EU’s AI “explainability” requirement
EU lawmakers are contemplating an “explainability” requirement for AI, requiring any significant decision made via AI software be “explainable.” For example, if AI makes a decision to categorize a person, the decision must be explained in a way humans can understand. Reed opposed such a requirement, saying, “Fundamentally, people are legislating about something they have no clue about. They unrealistically assume that for AI to be accountable there has to be a link to a causality that a person understands.” He added, “It will be hard for the European Union to enforce this legislation because it may be hard to discern the effects of AI.” Ovbiagele shared similar sentiments, saying, “Much of AI cannot be explained. It is often hard to explain how AI reaches decisions. In fact, humans can’t always explain how they make decisions. So this requirement may be fundamentally flawed.”
Like most technology, AI is primarily protected by patents, copyrights, and trade secrets. “Patents provide the strongest protection” for AI, said Ahn. He explained that because AI is primarily technically driven, “AI inventions are mostly patentable, although some inventions on abstract AI concepts may be problematic in view of recent court decisions.” However, an issue arises when AI systems create works such as writing or music. Are these works protectable? “The answer to this question at this time is ‘no,’” Ahn explained. IP laws are aimed at natural persons. So accordingly, “at this time, it’s highly unlikely that an AI would be recognized as an inventor, author or creator.”
Data and privacy
Reed suggested that perhaps we need to reframe the debate over AI and privacy issues. “We have to accept that AI will bring both good and bad. And we can’t get permission for everything,” he said. Instead of rejecting AI outright, policy makers should seek alternative solutions. For example, “some suggest that [AI] that take information should be in a special category, like common carriers, and held to a higher standard,” Reed said. Another issue is that AI data sets can contain personal information, which may lead to privacy concerns. “We get this question a lot. Privacy issues in ROSS are not unique. Data has been collected over decades,” Ovbiagele asserted.
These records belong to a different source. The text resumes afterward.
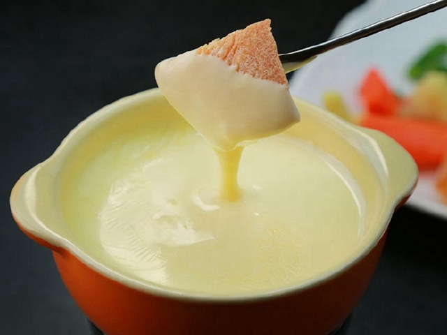 奶酪是瑞士人生活和生命中必不可少的一部分,而相传奶酪火锅起源于阿尔卑斯山地区的小村落里的无心之举,却让瑞士人却不可自拔的爱上了这道料理。醇香四溢的奶酪放入当地盛产的葡萄酒中,加热使其融化,再用香喷喷的小面包沾着吃,最后再配上一杯口感香醇的红酒会唤醒你的全部味蕾。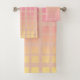 Painéis da janela da toalha. Vidraças macias de vidro como janelas em matizes que vão desde amarelo-buttercopo até laranjas pastéis, até corais macios apoiados em pincel mudo.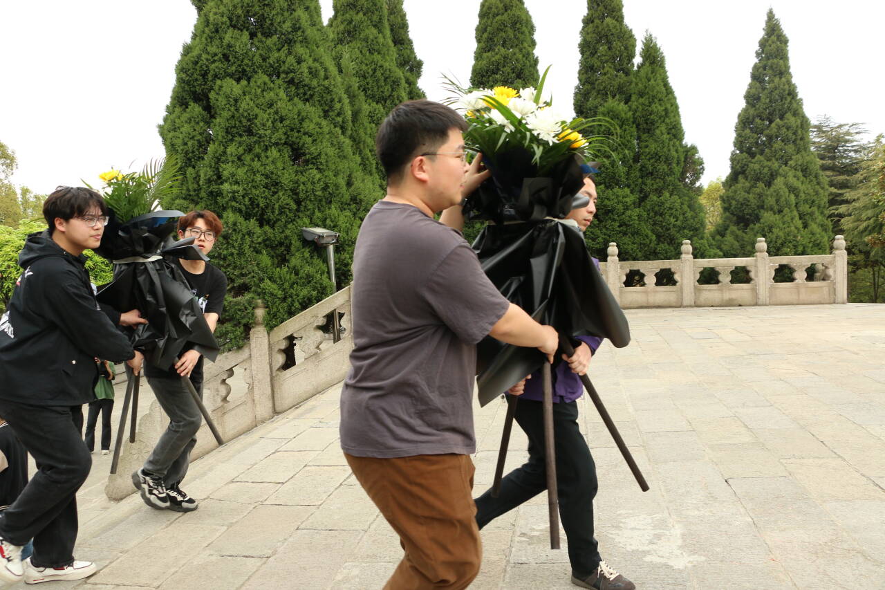 在革命烈士纪念碑前,学生党员代表袁潇骏作主题讲话。他首先向烈士们致以崇高的敬意,并表示:“吾辈青年学子应传承发扬烈士们的崇高精神,勇于担当,敢于创新,为实现中华民族伟大复兴的中国梦而奋斗。”

He explained, “Machine learning was created to address massive amounts of data. We are not collecting more data because of machine learning. We are using machine learning because we have massive data.” Using this argument, he concluded that AI will not create new potential privacy violations beyond those that are already present in the existence of mass data. Crootof, however, challenged this view by pointing out that the use of more powerful tools (i.e. machine learning) may amplify the potential damage of these privacy violations. “I’m comforted by the idea that my data is a needle in a very large haystack,” she observed. “But if you have a powerful magnet, my data isn’t nearly as safe.”
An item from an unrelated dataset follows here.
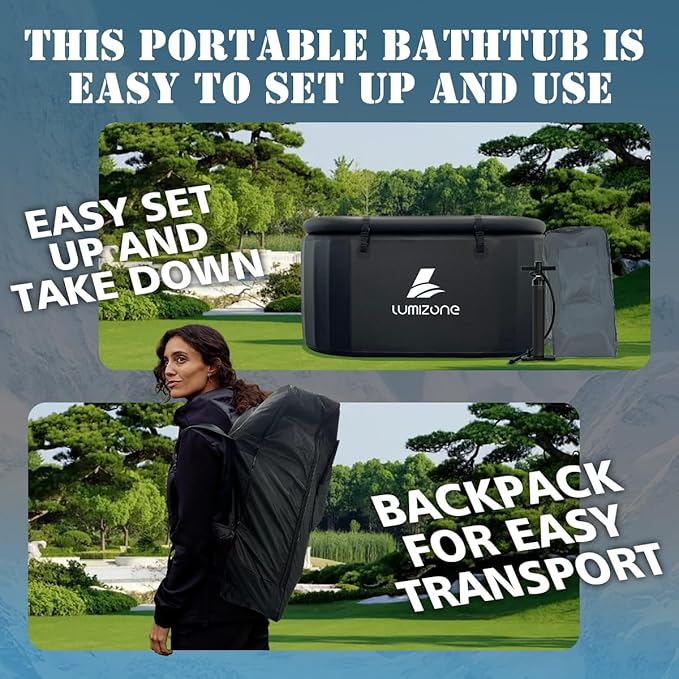 - COMPLETE COLD WATER BATH SET : The set includes an inflatable tub, a secure lid, a backpack for easy transport, a pump, an inflatable tube and a repair kit. Setting up and transporting this portable cold bath is a breeze, allowing you to enjoy a cold bath wherever you go.

While the panelists raised critical issues, there is an opposing concern that we are overreacting, over-regulating, and unwittingly chilling innovation. Ultimately, anyone can use the same powerful tools for good or evil. No amount of regulation can fully prevent misuse or abuse of a particular tool. For example, a knife can be used to cook a family dinner, but in the wrong hands, to kill another person. Understanding the tool’s intent and training the user matter. We cannot simply blame technology for human mistakes and misuse. In this crucial development period, we must balance our urge to regulate with the need to innovate, and recognize that there is no substitute for humanity.